> **Work to be completed**:
With the pictures excluded, reproduce all of the data exactly.

> **Supplied information**:
**********

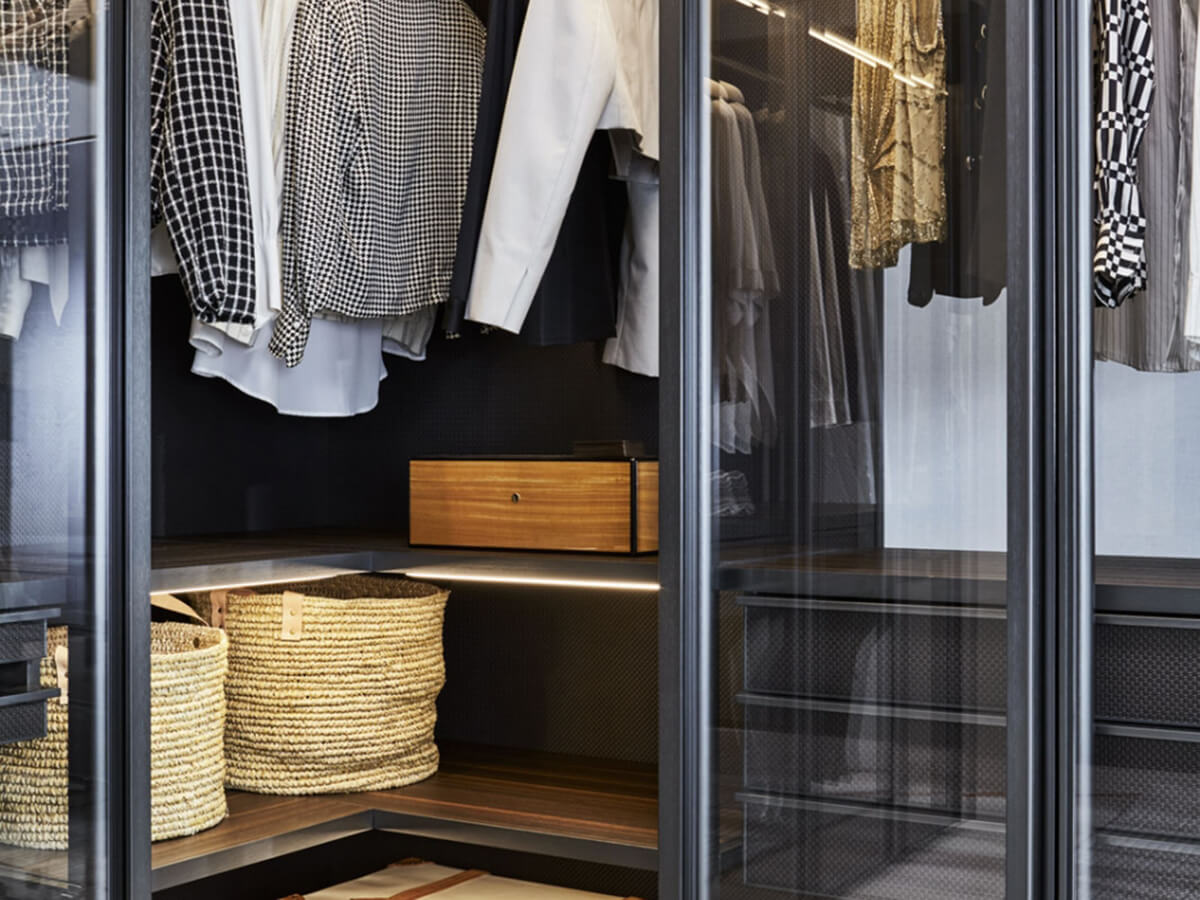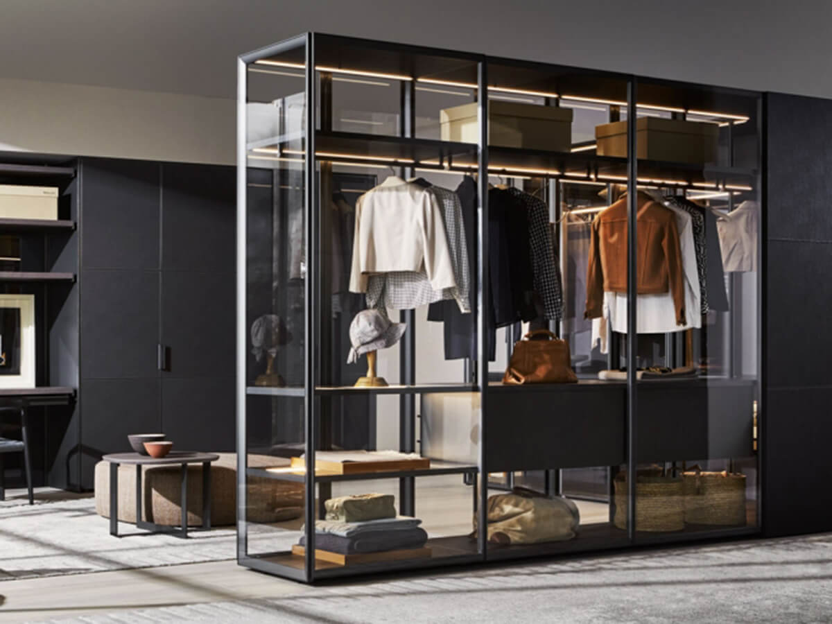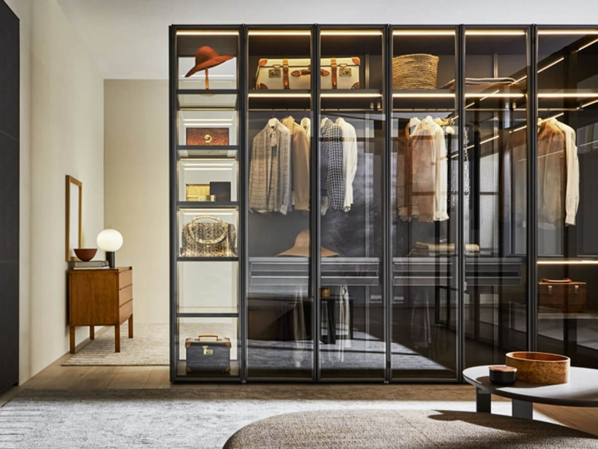 L’armadio Gliss Master rappresenta il fulcro della proposta Molteni & C. per la zona notte: un sistema di armadi che copre la fascia alta di mercato, proponendo finiture pregiate e dettagli costruttivi ricercati, dedicati agli intenditori del design che anche per la zona notte non si vogliono accontentare delle proposte più semplici. L’anta Glass declina questa filosofia in una delle tipologia di armadi più lussuosa e spettacolare: quelli con le ante in vetro. Abiti e altri contenuti dell’armadio risultano contemporaneamente protetti dalla polvere ed esposti alla vista in maniera elegante e ordinata, valorizzati dalla scenografica illuminazione a led opzionale. Questa anta è disponibile unicamente in versione battente, con cerniere che prevedono un’apertura di 180° incassata nella spalla. Può inoltre essere associata a spalle e telaio in vetro, che permettono un uso a centro stanza sfruttando al massimo le sue trasparenze.
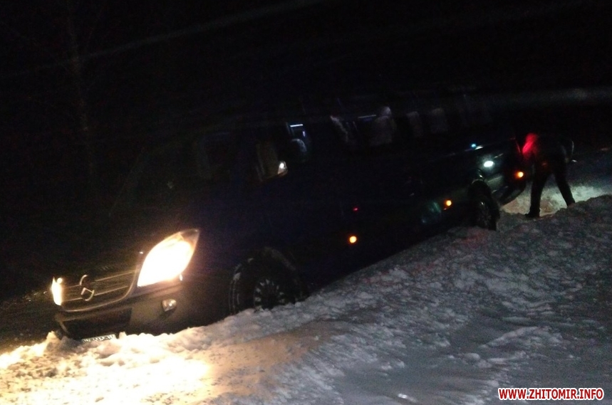 А вже 13 лютого вночі надзвичайники тричі надавали допомогу водіям рейсових та маршрутних автобусів, що застрягли в снігових заметах. Так поблизу с. Марківка Баранівського району маршрутний автобус через снігові перемети з’їхав у кювет. В транспортному засобі перебувало 10 пасажирів, які залишили автобус самостійно. В результаті взаємодії рятувальників та водія за допомогою тросу рятувальники визволили автобус зі снігової пастки та відбуксирували на вільну частину дороги. Постраждалих унаслідок події немає.
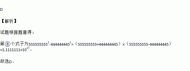 现有一列式子:①552-452;②5552-4452;③55552-44452…则第⑧个式子的计算结果用科学记数法可表示为( )
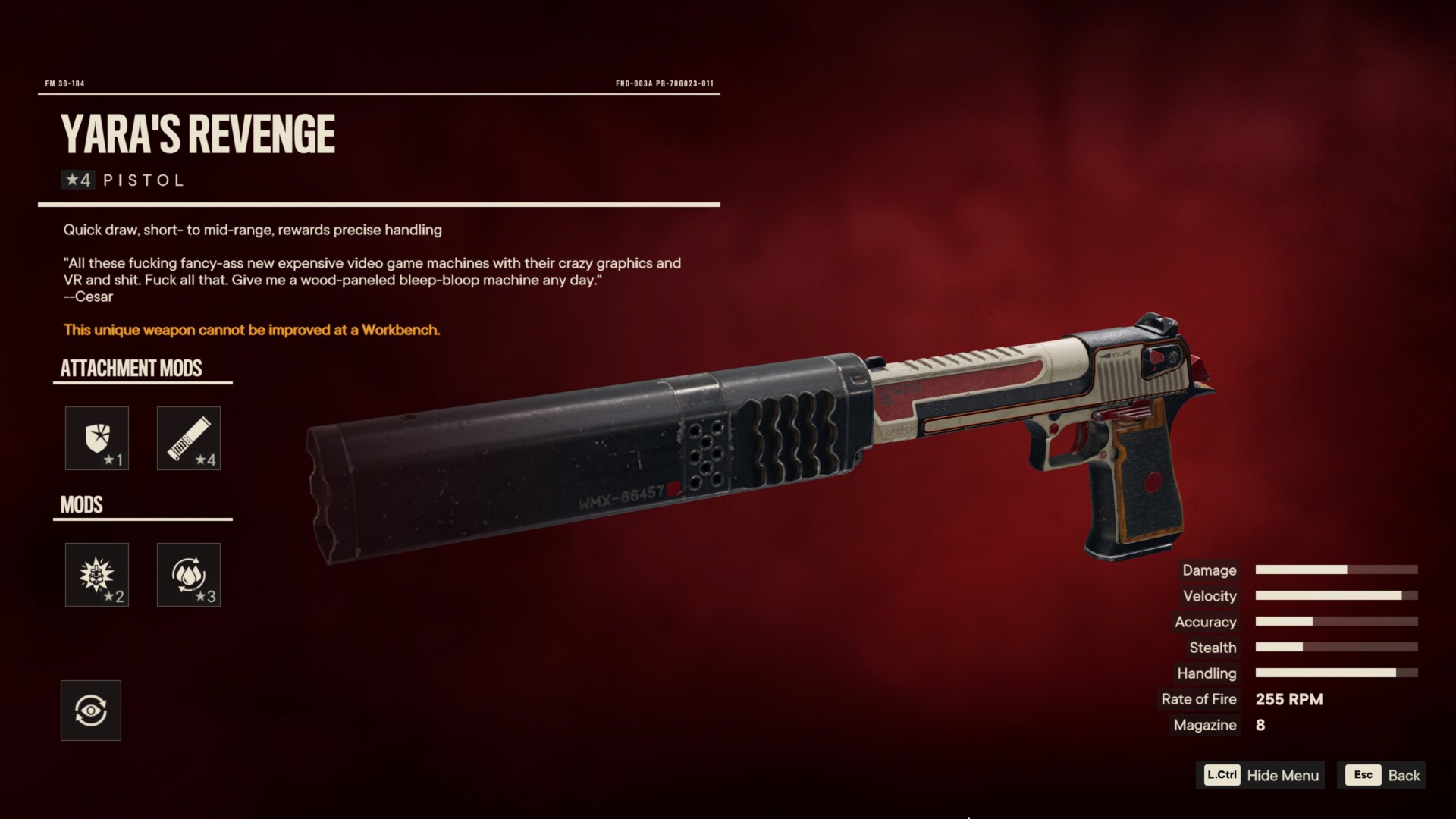 Likewise, you’ll get the Yara’s Revenge unique pistol (it doesn’t appear by default in your arsenal). It has the following perks/mods:

**********

> **Output**:
 L’armadio Gliss Master rappresenta il fulcro della proposta Molteni & C. per la zona notte: un sistema di armadi che copre la fascia alta di mercato, proponendo finiture pregiate e dettagli costruttivi ricercati, dedicati agli intenditori del design che anche per la zona notte non si vogliono accontentare delle proposte più semplici. L’anta Glass declina questa filosofia in una delle tipologia di armadi più lussuosa e spettacolare: quelli con le ante in vetro. Abiti e altri contenuti dell’armadio risultano contemporaneamente protetti dalla polvere ed esposti alla vista in maniera elegante e ordinata, valorizzati dalla scenografica illuminazione a led opzionale. Questa anta è disponibile unicamente in versione battente, con cerniere che prevedono un’apertura di 180° incassata nella spalla. Può inoltre essere associata a spalle e telaio in vetro, che permettono un uso a centro stanza sfruttando al massimo le sue trasparenze.
 А вже 13 лютого вночі надзвичайники тричі надавали допомогу водіям рейсових та маршрутних автобусів, що застрягли в снігових заметах. Так поблизу с. Марківка Баранівського району маршрутний автобус через снігові перемети з’їхав у кювет. В транспортному засобі перебувало 10 пасажирів, які залишили автобус самостійно. В результаті взаємодії рятувальників та водія за допомогою тросу рятувальники визволили автобус зі снігової пастки та відбуксирували на вільну частину дороги. Постраждалих унаслідок події немає.
 现有一列式子:①552-452;②5552-4452;③55552-44452…则第⑧个式子的计算结果用科学记数法可表示为( )
 Likewise, you’ll get the Yara’s Revenge unique pistol (it doesn’t appear by default in your arsenal). It has the following perks/mods:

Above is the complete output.